### DIRECTIONS FOR THIS TASK
Go through the listing below and write out exactly the lines from the one that mentions "这个盖板的后面就是空调滤芯的" through the one that mentions "天ぷら用の塩は、卓上に3種類(抹茶塩・ピンクのヒマラヤ岩塩・結晶塩)があり、", minus the pictures.

### THE INPUT
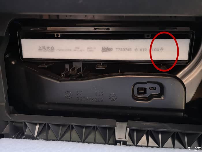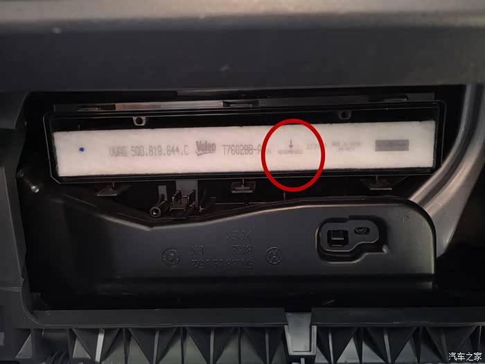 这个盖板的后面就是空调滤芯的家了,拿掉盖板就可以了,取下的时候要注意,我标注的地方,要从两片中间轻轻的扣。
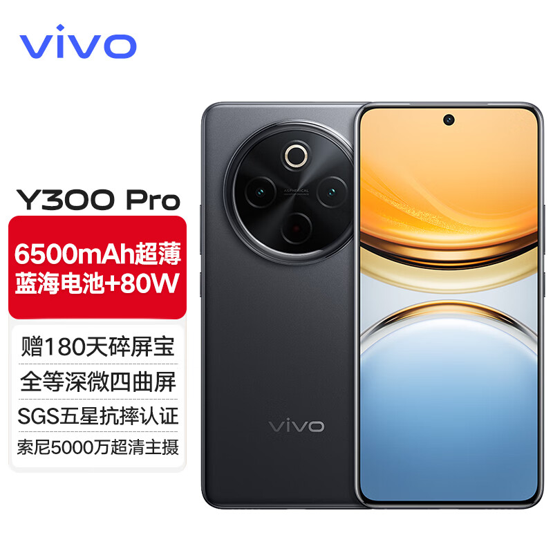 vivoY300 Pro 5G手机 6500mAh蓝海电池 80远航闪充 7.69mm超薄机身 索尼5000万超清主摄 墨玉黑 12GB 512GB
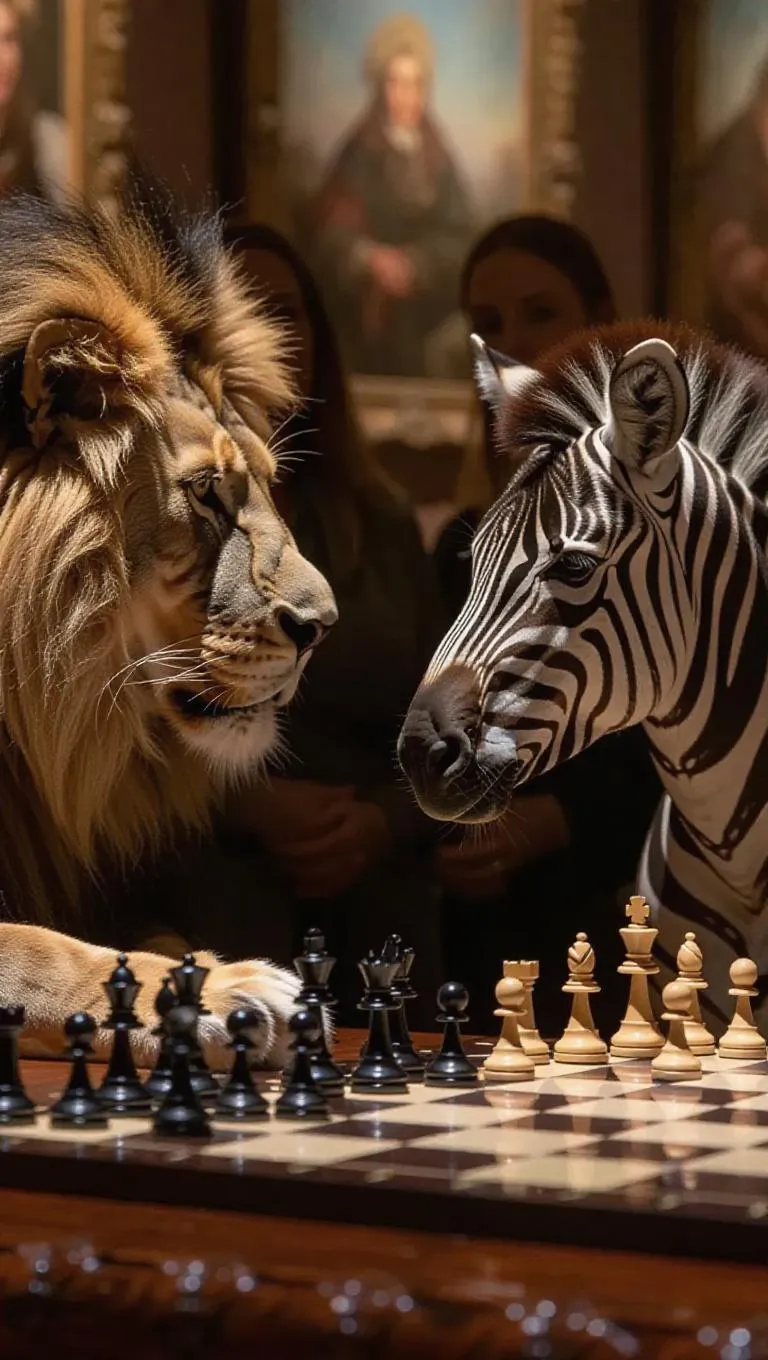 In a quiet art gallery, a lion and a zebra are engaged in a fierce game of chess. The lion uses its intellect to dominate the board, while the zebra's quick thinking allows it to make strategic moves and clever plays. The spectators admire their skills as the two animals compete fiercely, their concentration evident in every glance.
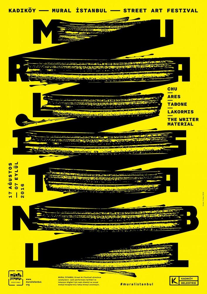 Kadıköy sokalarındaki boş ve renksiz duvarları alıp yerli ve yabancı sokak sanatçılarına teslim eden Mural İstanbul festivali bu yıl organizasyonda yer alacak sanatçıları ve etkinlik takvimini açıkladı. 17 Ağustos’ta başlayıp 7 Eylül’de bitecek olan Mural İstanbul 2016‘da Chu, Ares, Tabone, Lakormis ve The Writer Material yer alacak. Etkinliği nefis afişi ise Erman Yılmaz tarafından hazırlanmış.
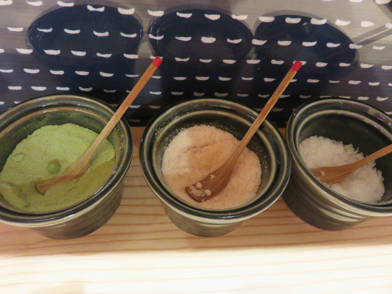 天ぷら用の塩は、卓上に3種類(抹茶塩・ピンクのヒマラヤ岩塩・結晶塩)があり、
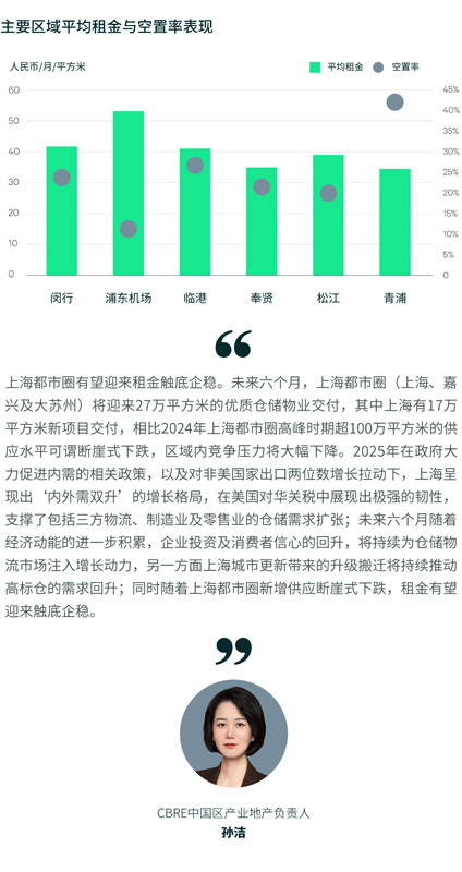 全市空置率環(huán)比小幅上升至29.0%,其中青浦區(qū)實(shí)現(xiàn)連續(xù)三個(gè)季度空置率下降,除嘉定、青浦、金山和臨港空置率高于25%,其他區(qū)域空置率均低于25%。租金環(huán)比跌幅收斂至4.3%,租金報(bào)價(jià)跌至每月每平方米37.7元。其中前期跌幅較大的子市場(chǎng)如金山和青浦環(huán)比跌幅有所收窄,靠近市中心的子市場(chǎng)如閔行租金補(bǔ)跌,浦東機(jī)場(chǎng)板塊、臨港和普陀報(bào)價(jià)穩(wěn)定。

---

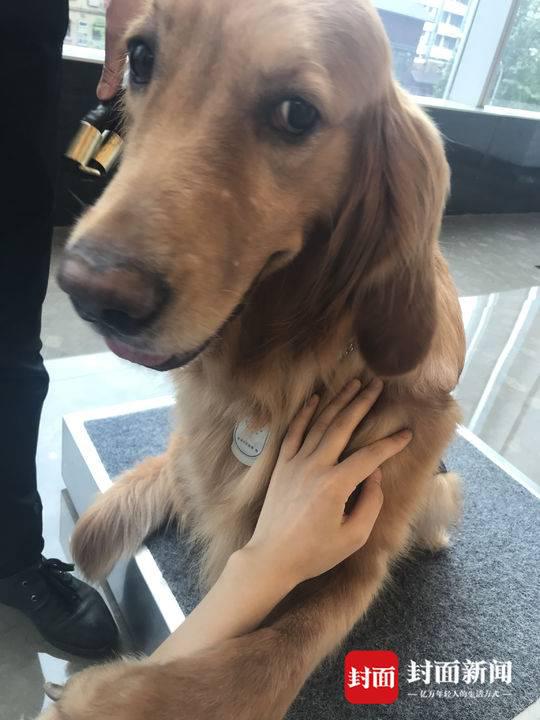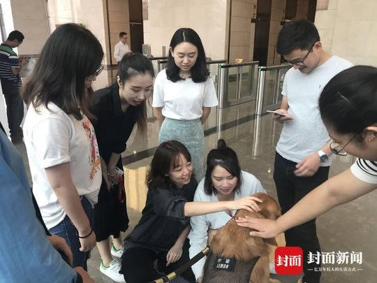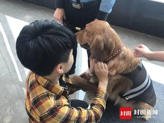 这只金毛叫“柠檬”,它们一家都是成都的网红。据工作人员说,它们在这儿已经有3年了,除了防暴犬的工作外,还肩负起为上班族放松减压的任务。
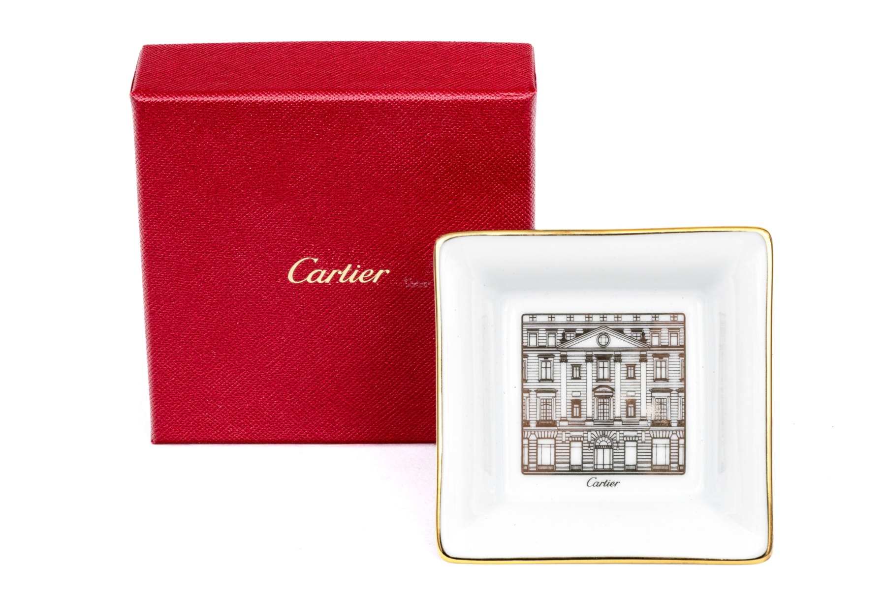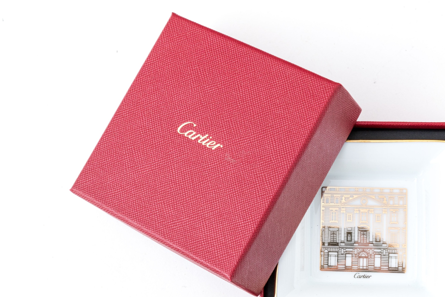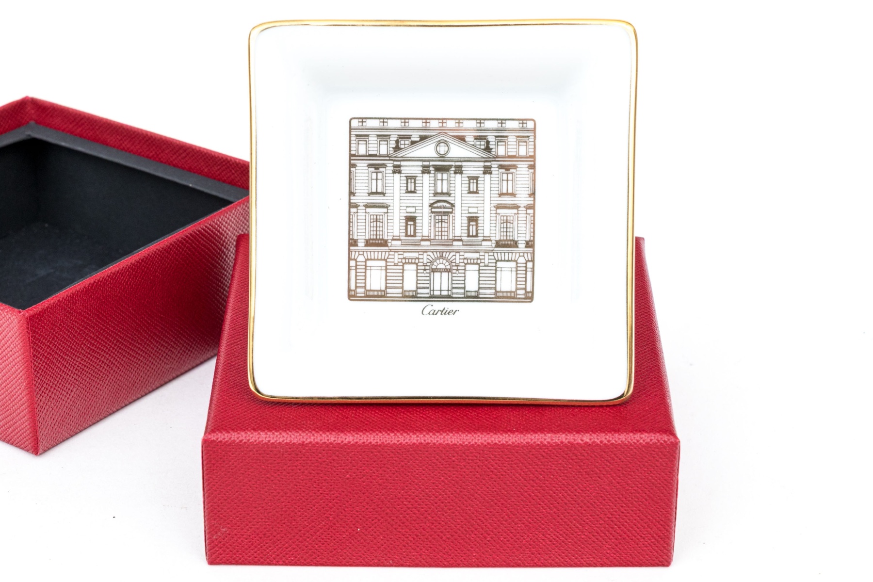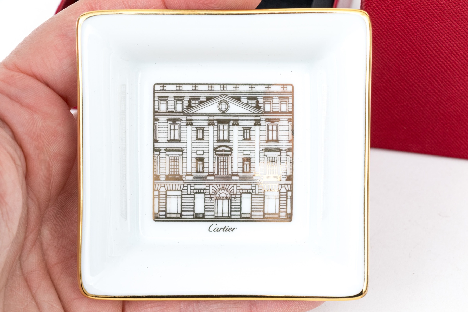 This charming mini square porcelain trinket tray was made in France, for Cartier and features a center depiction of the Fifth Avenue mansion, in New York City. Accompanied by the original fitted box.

---

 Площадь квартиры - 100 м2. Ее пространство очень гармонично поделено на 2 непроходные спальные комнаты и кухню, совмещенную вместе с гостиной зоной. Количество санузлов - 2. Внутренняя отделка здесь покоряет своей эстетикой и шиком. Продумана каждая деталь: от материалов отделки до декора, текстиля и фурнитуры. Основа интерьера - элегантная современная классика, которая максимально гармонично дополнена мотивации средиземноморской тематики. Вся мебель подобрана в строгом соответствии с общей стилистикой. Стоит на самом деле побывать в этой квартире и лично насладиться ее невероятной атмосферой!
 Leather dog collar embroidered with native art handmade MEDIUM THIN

### TASK OUTPUT
 这个盖板的后面就是空调滤芯的家了,拿掉盖板就可以了,取下的时候要注意,我标注的地方,要从两片中间轻轻的扣。
 vivoY300 Pro 5G手机 6500mAh蓝海电池 80远航闪充 7.69mm超薄机身 索尼5000万超清主摄 墨玉黑 12GB 512GB
 In a quiet art gallery, a lion and a zebra are engaged in a fierce game of chess. The lion uses its intellect to dominate the board, while the zebra's quick thinking allows it to make strategic moves and clever plays. The spectators admire their skills as the two animals compete fiercely, their concentration evident in every glance.
 Kadıköy sokalarındaki boş ve renksiz duvarları alıp yerli ve yabancı sokak sanatçılarına teslim eden Mural İstanbul festivali bu yıl organizasyonda yer alacak sanatçıları ve etkinlik takvimini açıkladı. 17 Ağustos’ta başlayıp 7 Eylül’de bitecek olan Mural İstanbul 2016‘da Chu, Ares, Tabone, Lakormis ve The Writer Material yer alacak. Etkinliği nefis afişi ise Erman Yılmaz tarafından hazırlanmış.
 天ぷら用の塩は、卓上に3種類(抹茶塩・ピンクのヒマラヤ岩塩・結晶塩)があり、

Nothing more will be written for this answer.